I've heard the arguments:
  • that Prop 8 is bad for children won't someone think of the children!??!?! (but what about the fact the gay teenagers have such high suicide rates? Perhaps if they weren't ostracized, they'd have an easier time of it? Oh, and since other countries have already moved forward, we already have studies, showing the kids are alright.)
  • That marriage is a religious ideal from that person's church. Well, fine, that person's church can do what it wants, but as long as the state is involved, it must be an equally available institution. I could just as easily make up a religion and start saying marriage was only for gay people. So what about my religious beliefs? The best answer would be for the state to only honor and create civil unions, and have nothing to do with "marriages," which are apparently owned by whatever religious institution the person you are talking to belongs.
  • That this will destroy marriage is my favorite. With a divorce rate of 50%, I think straight people have done a fine enough job of destroying marriage. And for my part, for my marriage, I will be honored to have taken part in an institution that is shared by all the people in my community, many of whom are gay and lesbian. Applying a “separate but equal” institution would honestly make me a little less proud of the “married” thing. Marriage should be a tool of community building, not separating, and entered with love and compassion, not fear and paranoia. (and? I've looked into it. Civil unions do NOT give the same rights and protections as marriages do. Yes, allowing people to ride the bus is great, but making them sit in the back is not equal, and should not be tolerated.)

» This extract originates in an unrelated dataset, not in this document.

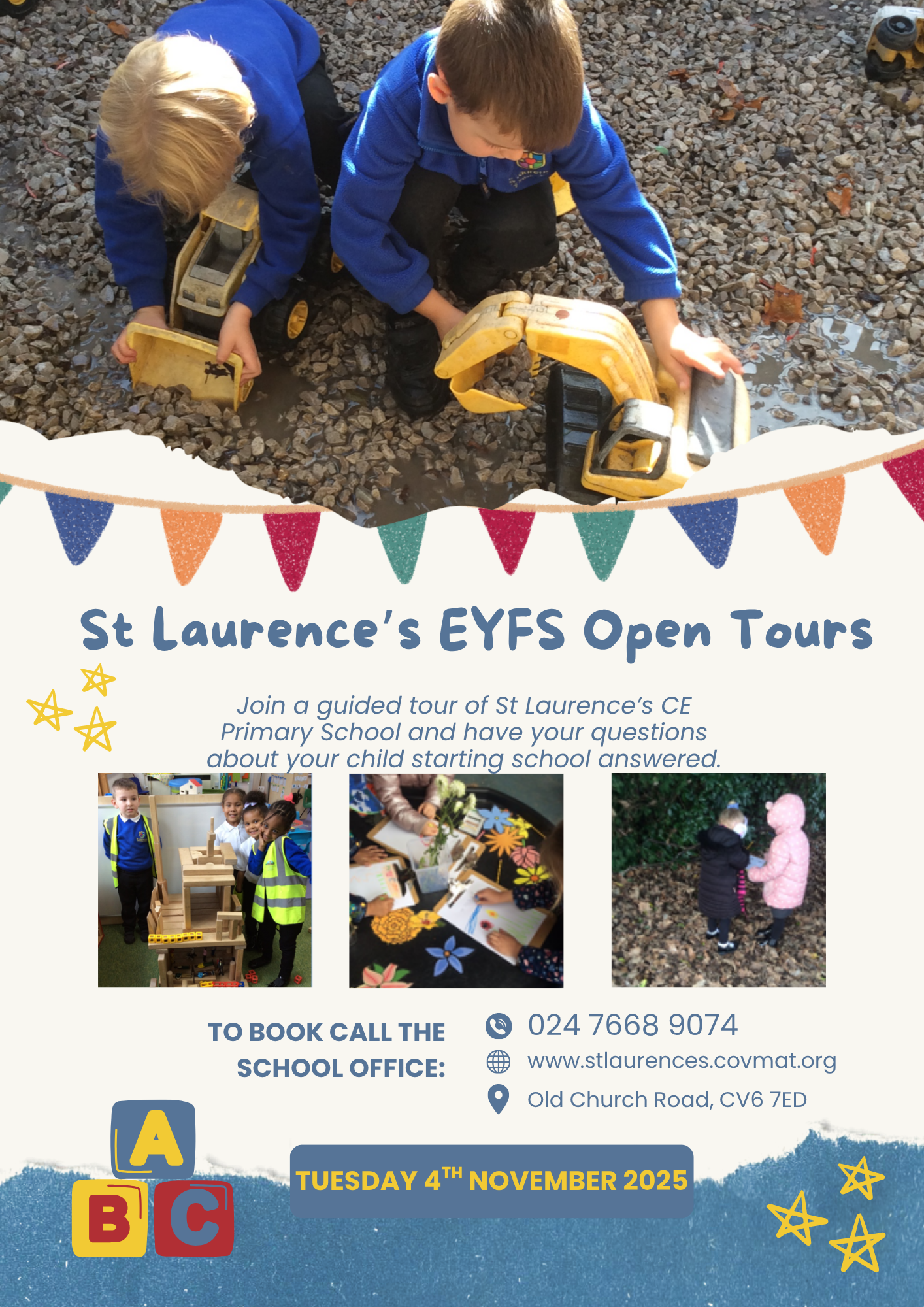 At St Laurence's Primary School we pride ourselves on providing high-quality EYFS education, giving children a secure and reassuring start to their school life. Our curriculum has been developed to offer each child the stepping stones needed to access the wider curriculum as they progress through to year 6.

There are two pieces of video that I hope everyone will take a moment to watch. The first is a commercial supporting Prop 8, except the words have been changed slightly, so you can see what this is really about. Please let this sink in:

The second piece is a heartfelt speech given by the mayor of San Diego in September of 2007. The mayor was set to veto a resolution in support of gay marriage, and had vowed he would do so. Instead, he gave this press conference:

His speech was heartfelt and thoughtful, and gave me hope that even those who have been mistaken on this issue in the past, even the vociferous haters of equal rights for gays, can grow and change and see a better way. Is there anyone in your life you can reach, to help them see things in a better way?

And please, if you do nothing else, vote against Proposition 8.